Я пару раз беседовал с ним, прочёл несколько его писем, и ничего уж такого патологического в его письмах не нашёл. Конечно, он недотягивал до глубины большинства подымаемых вопросов, но криминального в этом ничего не было. Тем более, что проблем внутренней политики он касался крайне редко и на основы строя не покушался. Ну, нравится человеку подавать советы в высшие инстанции! Наверно, это его как-то возвышало в собственных глазах. 

Вот он предлагал Юнеско восстановить знаменитую Александрийскую библиотеку. Совету безопасности ООН он предлагал подумать над принятием Индии в состав постоянных членов. Мотивировка на нескольких страницах.  

Ощущение от всех этих писаний было странное. Явных глупостей не было, но была явная утрата чувства реальности.  

Я, помниться, начал подбрасывать ему идеи, вроде строительства на реке Темерничке гидроузла, но в моих идеях он не нуждался, поскольку ему свои некуда было девать. Кстати, идею гидроузла на Темерничке он «разнёс» вполне грамотно. 

И вот, Белла Самойловна, дама почтенных лет и с большим опытом, допрашивала Михаила Романовича на предмет его планов после выписки. Всё шло гладко. Он соглашался, что надо устраиваться на работу, что, конечно же, нужно помогать жене по хозяйству, что нужно заняться ремонтом квартиры. Вообще всё шло гладко, пока Белла Самойловна не произнесла некую, по-видимому, ключевую фразу:  

– И никаких не надо писать писем!  

Ответ продемонстрировал полный крах всего многомесячного лечения.  

– Ну, почему же, – спокойно возразил Михаил Романович, – у меня есть кое-какие соображения по вопросам разоружения…  

Белла Самойловна схватилась за голову и горестно запричитала:  

– Боже мой, боже мой! Он так ничего не понял. Никаких писем! Вы меня слышите? Никаких писем в ООН! Вам что, делать нечего? Смотрите, вы у меня допишитесь до восемнадцатого километра!  

Угроза была нешуточная, но, упрямо наклонив голову, Михаил Романович отвечал безупречно гладкими фразами из газетных передовиц тех времён. Мне запомнилось:  

– Если каждый советский гражданин, у которого что-то есть в голове, будет безразличен к происходящему в мире, то, что же станет с этим миром?  

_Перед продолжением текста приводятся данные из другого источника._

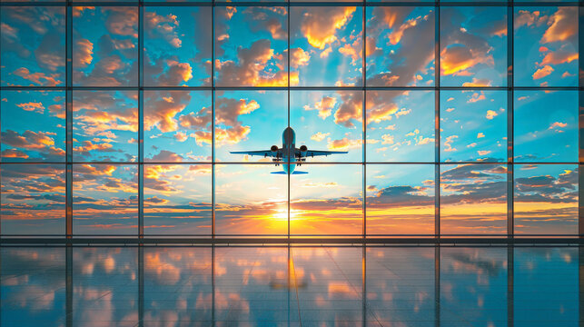 Airplane Silhouette Against Breathtaking Sunset Sky Viewed from Modern Airport Terminal

В истории болезни у него значилось: «маниакальный синдром».  

 

Священник 1. 

 

 

Его появление в отделении я пропустил, а когда увидел, то, даже, как-то растерялся. 

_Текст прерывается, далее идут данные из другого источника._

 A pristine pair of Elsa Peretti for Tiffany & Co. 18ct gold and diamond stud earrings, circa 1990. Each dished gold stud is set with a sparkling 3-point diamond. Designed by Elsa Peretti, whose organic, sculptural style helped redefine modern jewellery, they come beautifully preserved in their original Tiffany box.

Седовласый, старше шестидесяти, рослый, с седой бородой и приятным открытым лицом. В глазах, серых, подстать волосам, спокойная ясность и никаких, даже отдалённых, намёков на какие-либо «сдвиги». 

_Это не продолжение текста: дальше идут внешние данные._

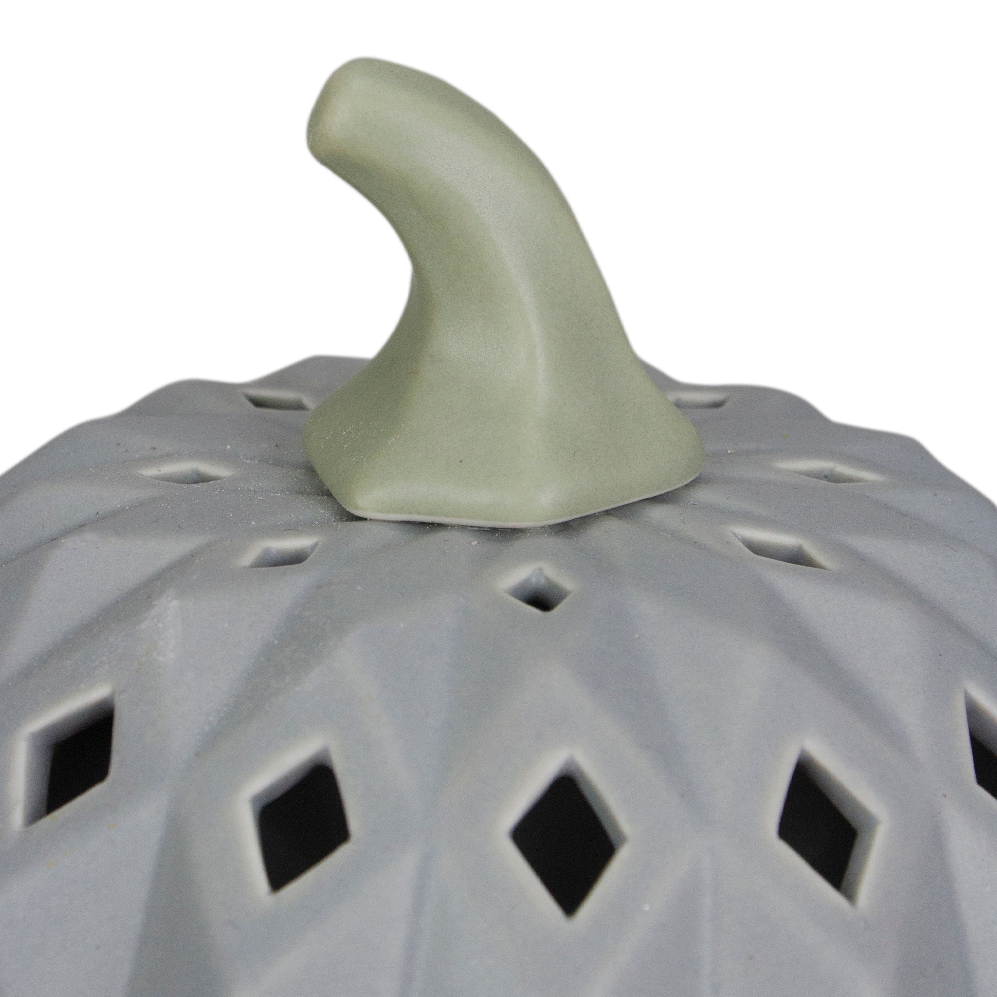 5" Gray & Green Lighted Fall Harvest Ceramic Pumpkin

Я до неприличия внимательно его разглядывал. Кончилось тем, что он улыбнулся, протянул мне руку, и каким-то сочным, хорошо поставленным голосом проповедника, сказал: 

– Давайте знакомиться. Отец Амвросий.  

Такого среди нас ещё не было. Для убеждённого атеиста и заведующего лекторской группой райкома комсомола это была находка. 

Вот только, что он у нас делал? Но все мои попытки выяснить через сестёр и даже Беллу Самойловну ни к чему не привели. Добраться до его истории болезни мне тоже не удалось. Да и поместили его почему-то к буйным, хотя там было хоть и противно, но довольно спокойно. Только спустя несколько лет, сидя с профессором за коньяком, я узнал, что святого отца прислали на экспертизу, в соответствии с которой профессор должен был ему поставить «вялотекущую шизофрению». То ли он был из катакомбной церкви, то ли проявлял недопустимое по тем временам свободомыслие, – этого я так и не узнал. Но в отношении его психического здоровья у меня никогда не возникало никаких сомнений. 

Как-то снедаемый любознательностью, я подсел к нему на диване и без всяких околичностей пригласил в нашу палату поговорить с «достойными людьми». Приглашение он принял, и я представил его NN, Юрке и «профессору». С этого времени в наших беседах, особенно вечерних, появилась, как насмешливо выразился «профессор», «божественная струя», а я сделал крайне удивившее меня открытие, что атеистом, так сказать, абсолютным был один я. Как-то после разговоров на сторонние темы отец Амвросий довольно неожиданно спросил:  

– А есть среди вас верующие?  

Я уже хотел сострить, что есть верующие в победу коммунизма, но Юрка меня опередил и каким-то стесняющимся голосом сказал:  

– Я, батюшка.  

Но это ещё что! «Профессор» промямлил:  

– В сущности, и я верующий человек, хотя не молюсь, не крещусь и по поводу многих утверждений в Библии испытываю большие сомнения.  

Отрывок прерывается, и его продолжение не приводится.